►

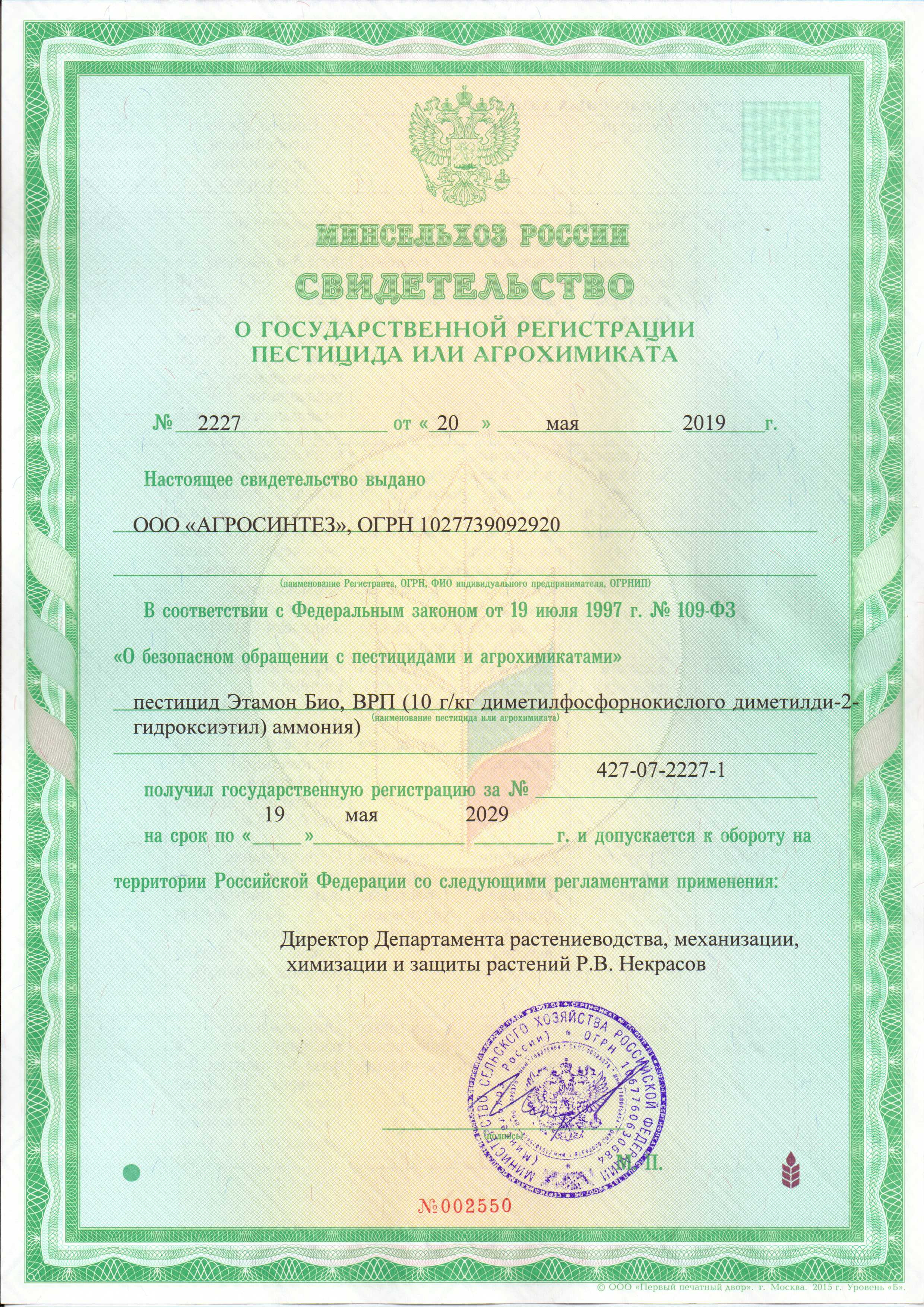 ЖИВАЯ ВОДА®, ВРП (ДИМЕТИЛФОСФОРНОКИСЛЫЙ ДИМЕТИЛДИ-(2-ГИДРОКСИЭТИЛ) АММОНИЙ), 10 Г/КГ). СТИМУЛЯТОР ФОРМИРОВАНИЯ МОЩНОЙ КОРНЕВОЙ СИСТЕМЫ РАССАДЫ, ВЗРОСЛЫХ РАСТЕНИЙ, КУСТАРНИКОВ И ДЕРЕВЬЕВ, РОСТА КЛУБНЕЙ И КОРНЕПЛОДОВ. ДЛЯ ЛПХ.
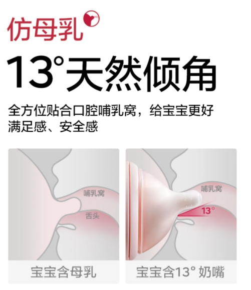 01)宝宝喝奶时需要把RT含至哺乳窝,13°歪头倾角的设计能够更好贴合宝宝口腔中的哺乳窝,既能给宝宝母乳喂养般的满足感和安全感,又能有效减少胀气风险。
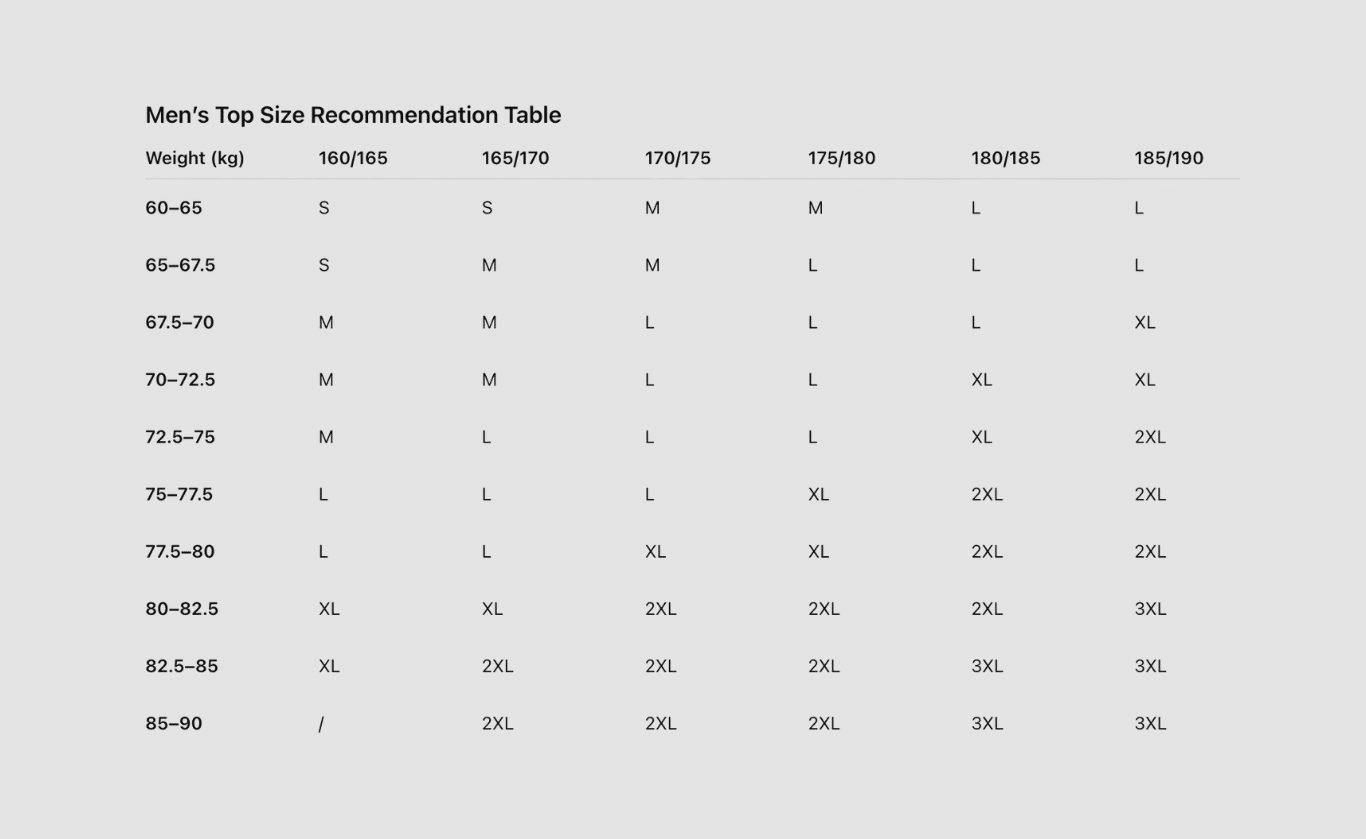 | Size | Height | Chest/CM | Shoulder Width/CM | Length/CM |
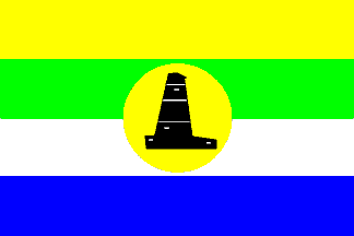 Flagdescription: four equally wide horizontal stripes yellow - green - white - blue, with in the center a yellow disk, high 9/20 of flagheight, and on the disk a black salt-derrick.
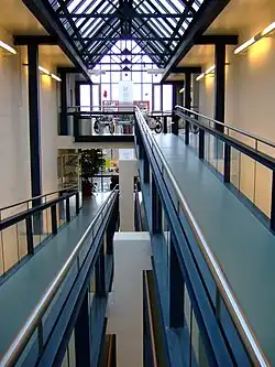 Das moderne Rampentreppenhaus verbindet die beiden historischen Gebäude
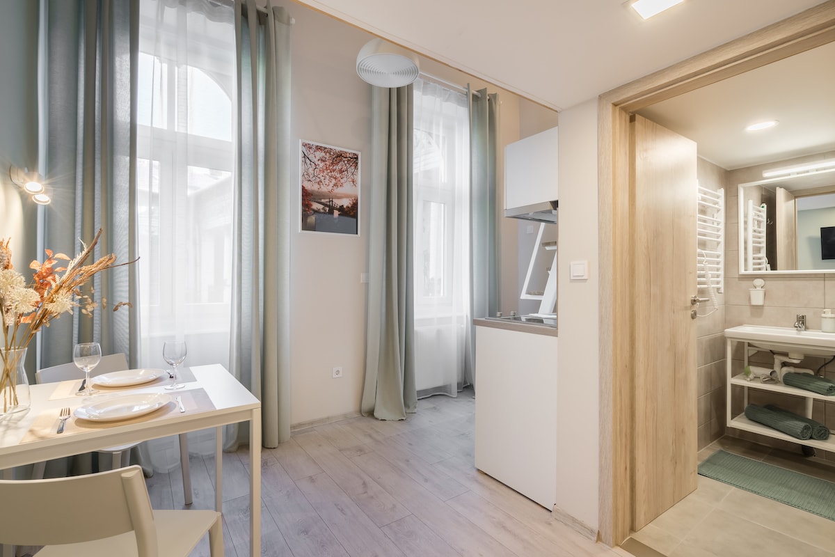 Meta wasal biex jinħoloq dan l-appartament ġdid u bl-arja kkundizzjonata fiċ-ċentru tal-belt ta 'Budapest, l-għan tagħna kien li noffru sthg eċċezzjonali lill-klijenti futuri tagħna. Din kamra tas-sodda waħda, kamra tas-salott waħda ċatta deluxe hija ideali għal koppji jew familji żgħar sa 4 persuni. Il-bini antik jinsab 100 metru 'l bogħod mid-Danubju fid-distrett ċentrali storiku, minn fejn se jkollok aċċess faċli għaċ-ċentru u għall-postijiet ewlenin tal-belt, bħall-Parlament jew il-Bażilika ta' San Stiefnu.
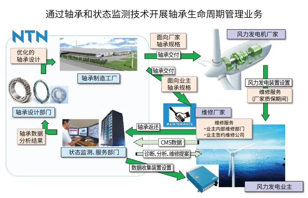 在風(fēng)力發(fā)電領(lǐng)域,NTN與Hokutaku有限公司合作,啟動(dòng)了維護(hù)業(yè)務(wù)。通過基于CMS信息優(yōu)化風(fēng)力發(fā)電設(shè)備的運(yùn)行和維護(hù)(智能維護(hù)),并在軸承開發(fā)和采購以及運(yùn)行和維護(hù)服務(wù)方面進(jìn)行合作,如圖14所示,開展軸承生命周期管理業(yè)務(wù),努力貢獻(xiàn)于社會(huì)。
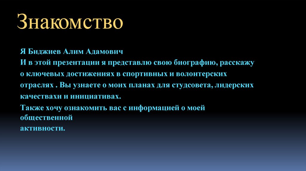 отраслях . Вы узнаете о моих планах для студсовета, лидерских
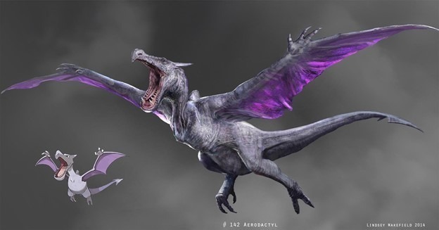 Не долетев до нас нескольких сотен метров, из дирижабля выпрыгнул человек, который в полете призвал покемона, и, оседлав его, полетел в нашу сторону. Когда тот был достаточно близок, я смог распознать в его покемоне аэродактиля — покемона относящегося к классу ископаемых. Внешне тот напоминал серокожего динозавра, с большими фиолетовыми перепонками между передними лапами и телом, что выполняли функцию крыльев. Приземлившийся покемон оказался достаточно большим — два метра от земли до кончиков роговых наростов на голове.
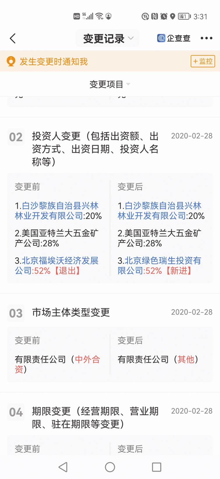 而企查查顯示,彼時的第一大股東海南福萊斯其實在2020年2月之前,其最大股東為北京福埃沃經(jīng)濟發(fā)展公司(見圖二),持有其52%的股份,不過奇怪的是,該企業(yè)于2011年10月被吊銷,其次為美國亞特蘭大五金礦產(chǎn)公司、白沙黎族自治縣興林林業(yè)開發(fā)有限公司,分別占28%和20%的股份。
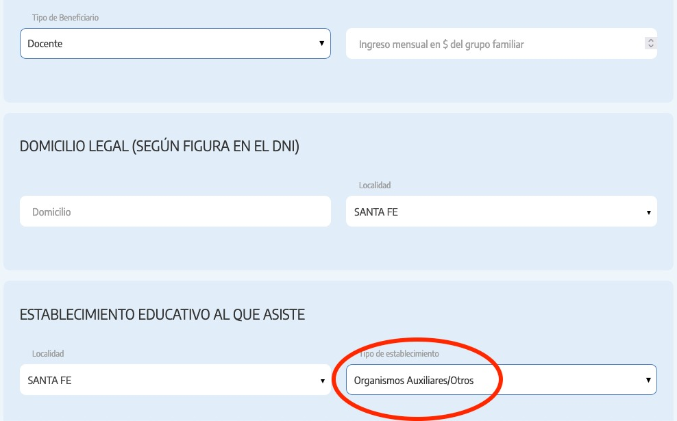 Los asistentes escolares tendrán esta nueva opción en el campo “Establecimiento al que asiste” de seleccionar Organismos Auxiliares / Otros. Allí están incluidos los Centros de Educación Física (CEF), los Talleres de Educación Manual, las Cocinas Centralizadas y también las Bibliotecas Pedagógicas.
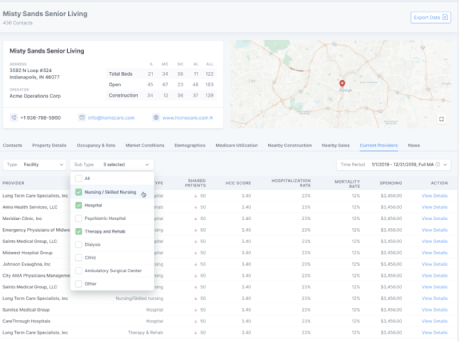 View connections between providers, buildings and geographies. See data on residents’ healthcare utilization and provider relationships:
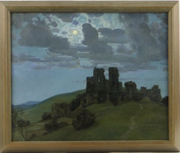 A castle ruin by moonlight
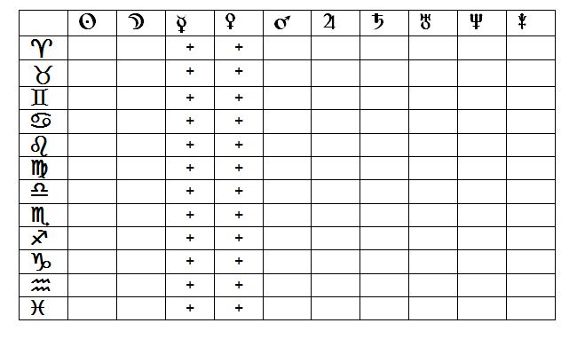 Наприклад, Венера відповідає за природу почуттів. Коли вона розташована у відповідному знаку Зодіаку, то природа почуттів матиме певну енергію вираження:
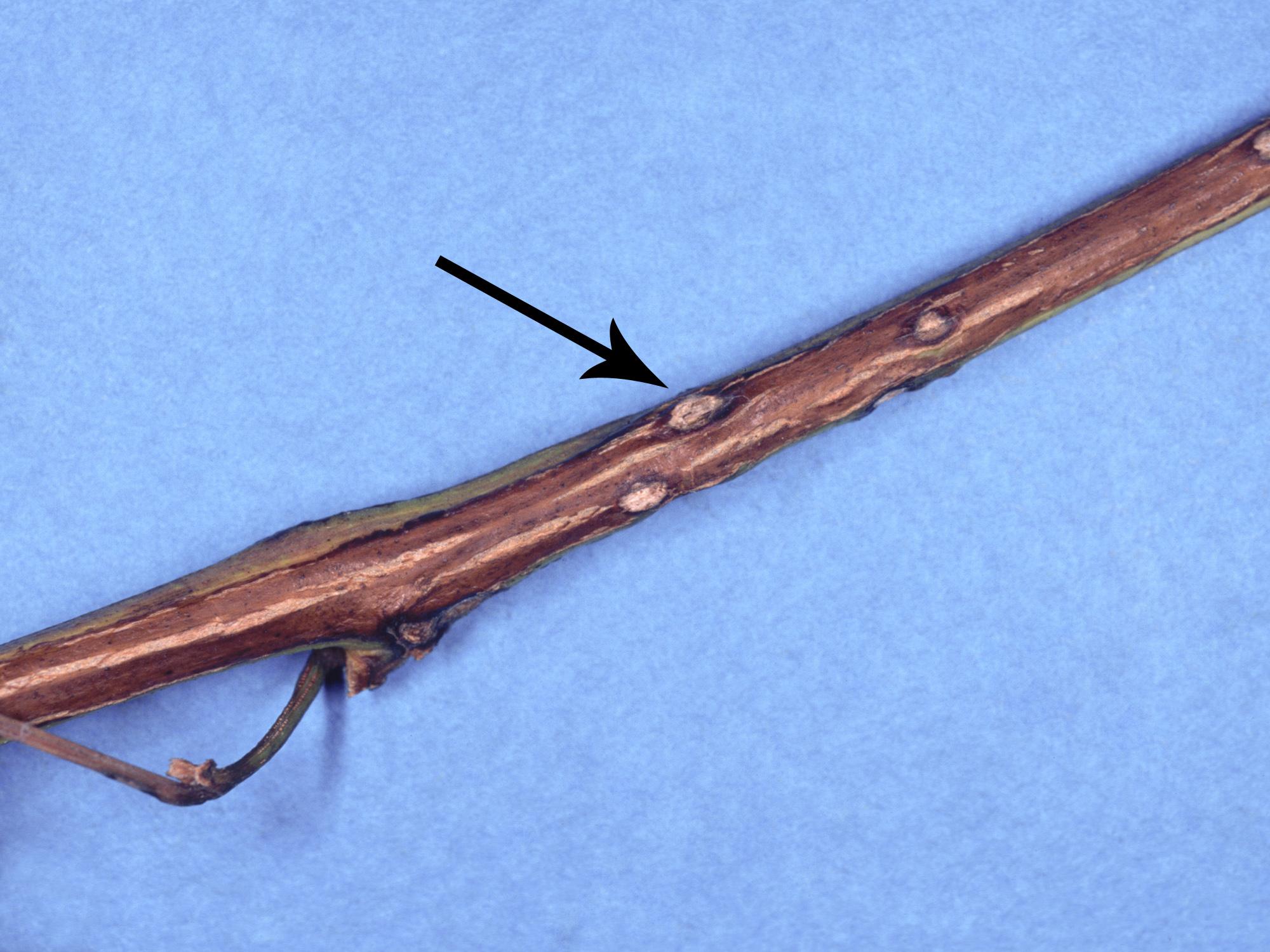 Sur une pousse annuelle d’un plant de vigne, présence de taches ovales, légèrement déprimées dont le centre est blanchâtre à grisâtre et la marge est étroite et noire (voir flèche). Les taches sont distribuées au hasard sur la tige. Les tests de laboratoire ont révélé la présence du champignon Elsinoe ampelina, responsable de l’anthracnose maculée chez la vigne.

◄

What to produce: From the data above, return only the lines starting at the line that holds "A castle ruin by moonlight" and ending at the line that holds "Наприклад, Венера відповідає", word for word and without pictures.

Written solution:
 A castle ruin by moonlight
 Наприклад, Венера відповідає за природу почуттів. Коли вона розташована у відповідному знаку Зодіаку, то природа почуттів матиме певну енергію вираження:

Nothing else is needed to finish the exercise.